Anyone that can (flying plane or not) take a measurement from the front side of 
the main spar to the back side of the fire wall plywood and take a second 
measurement from the front side of the main spar to the point that the tape 
measure touches at the tail-post intersection at the rear floor position of the 
fuselage. Basically a center-line of the plane profile. This will give a full 
length as well as a break down foreword and aft of the main spar for multiple 
planes. It is also a location that should be accessible for almost every KR 
built.
 I guess it would help if with the dimensions I could know if it is a KR2, KR2 
modified, KR2S, KR2S modified
 E-mail them to me privately at n35...@ptd.net and I will make a chart up 
showing all the dimensions relative to each other and assign them to a N number 
for future references. Pretty sure Mark L. would link it to KR net for us.
    The end result of this exercise I would hope to have real factual 
dimensions instead of the subjective add this to that or the other and it flies 
great.
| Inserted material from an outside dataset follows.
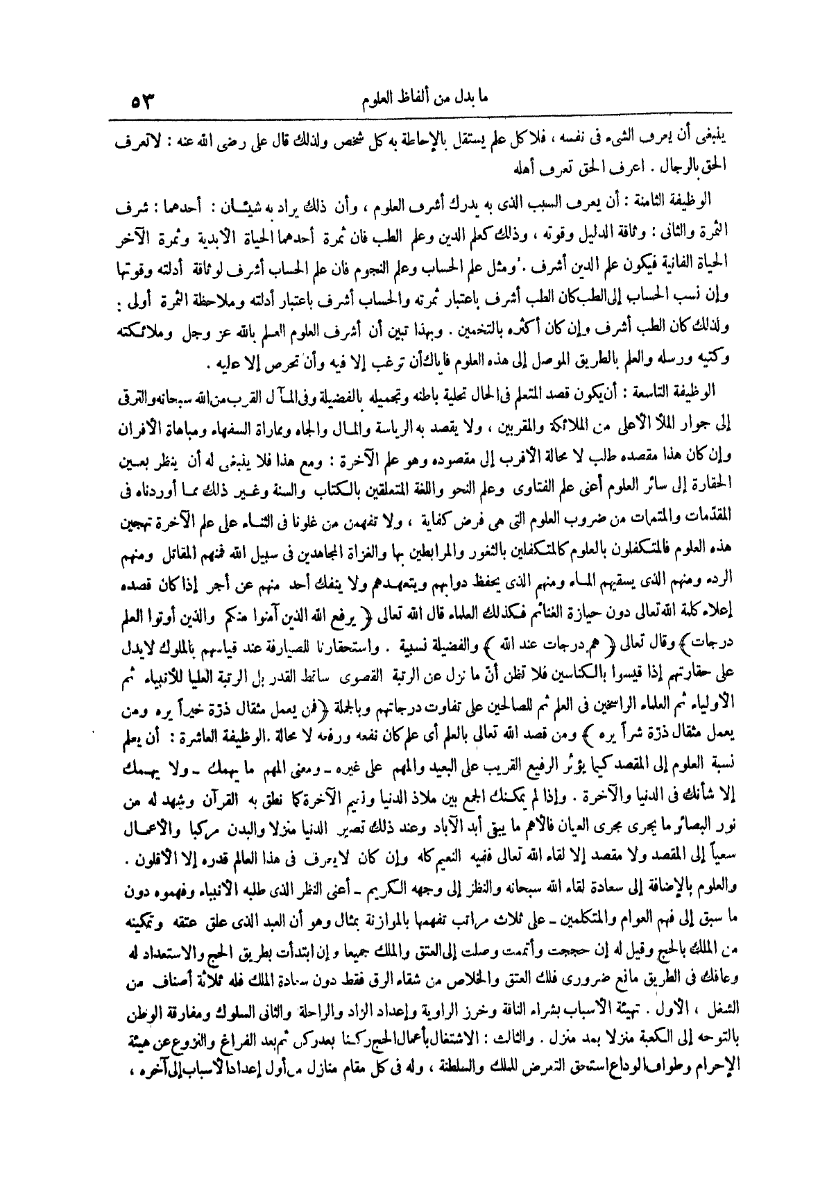 الوظيفة التاسعة أن يكون قصد المتعلم في الحال تحلية باطنه وتجميله بالفضيلة وفي المآل القرب من الله سبحانه والترقي إلى جوار الملأ الأعلى من الملائكة والمقربين ولا يقصد به الرياسة والمال والجاه ومماراة السفهاء ومباهاة الأقران وإن كان هذا مقصده طلب لا محالة الأقرب إلى مقصوده وهو علم الآخرة ومع هذا فلا ينبغي له أن ينظر بعين الحقارة إلى سائر العلوم أعني علم الفتاوى وعلم النحو واللغة المتعلقين بالكتاب والسنة وغير ذلك مما أوردناه في المقدمات والمتممات من ضروب العلوم التي هي فرض كفاية ولا تفهمن من غلونا في الثناء على علم الآخرة تهجين هذه العلوم فالمتكفلون بالعلوم كالمتكفلين بالثغور والمرابطين بها والغزاة المجاهدين في سبيل الله فمنهم المقاتل ومنهم الردء ومنهم الذي يسقيهم الماء ومنهم الذي يحفظ دوابهم ويتعهدهم ولا ينفك أحد منهم عن أجر إذا كان قصده إعلاء كلمة الله تعالى دون حيازة الغنائم فكذلك العلماء قال اللَّهُ تَعَالَى {يَرْفَعِ اللَّهُ الَّذِينَ آمَنُوا مِنْكُمْ والذين أوتوا العلم درجات} وقال تعالى {هم درجات عند الله} والفضيلة نسبية

I also am still believing that we are all pretty close together with 
only a few out-layers in the statistics.
      I'll do both of mine tonight
Thanks for the help.
Joe Horton

----- Original Message -----
From: "KRnet" <krnet@list.krnet.org>
To: "KRnet" <krnet@list.krnet.org>
Cc: "John Bouyea" <j...@bouyea.net>
Sent: Tuesday, October 15, 2019 7:35:56 PM
Subject: Re: KR> Alright guys, it's time.....

So Flesner's airplane is about 8" longer than the KR2S design; do I have that 
right?
As a data point, I'm really enjoying flying Roy Marsh's N133RM just as it was 
built. It defined the "2S" dimension and has the flat "airfoil", 71 inch-wide 
tail feathers.
And like Langford reported about Jim Faughn's very-standard KR2 airplane, I 
believe Roy's airplane DOES fly substantially easier than the "standard" KR2 I 
had previously.
Not to say the KR2 is a bad design, but the KR2S is easier to pilot.
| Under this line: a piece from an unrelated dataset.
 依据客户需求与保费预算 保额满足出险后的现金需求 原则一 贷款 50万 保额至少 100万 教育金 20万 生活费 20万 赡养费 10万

I know the "even more stretched" fuselage has a big following. 
SO can we have some other input from pilots operating the standard KR2S 
fuselage dimension for the sake of comparison please?
John Bouyea
N133RM KR-2S
OR81/ Hillsboro, OR

Subject: Re: KR> Alright guys, it's time.....
My KR is stretched 24" over the standard KR2 and that's not too much, 
especially with mine having the standard KR2 tail feathers.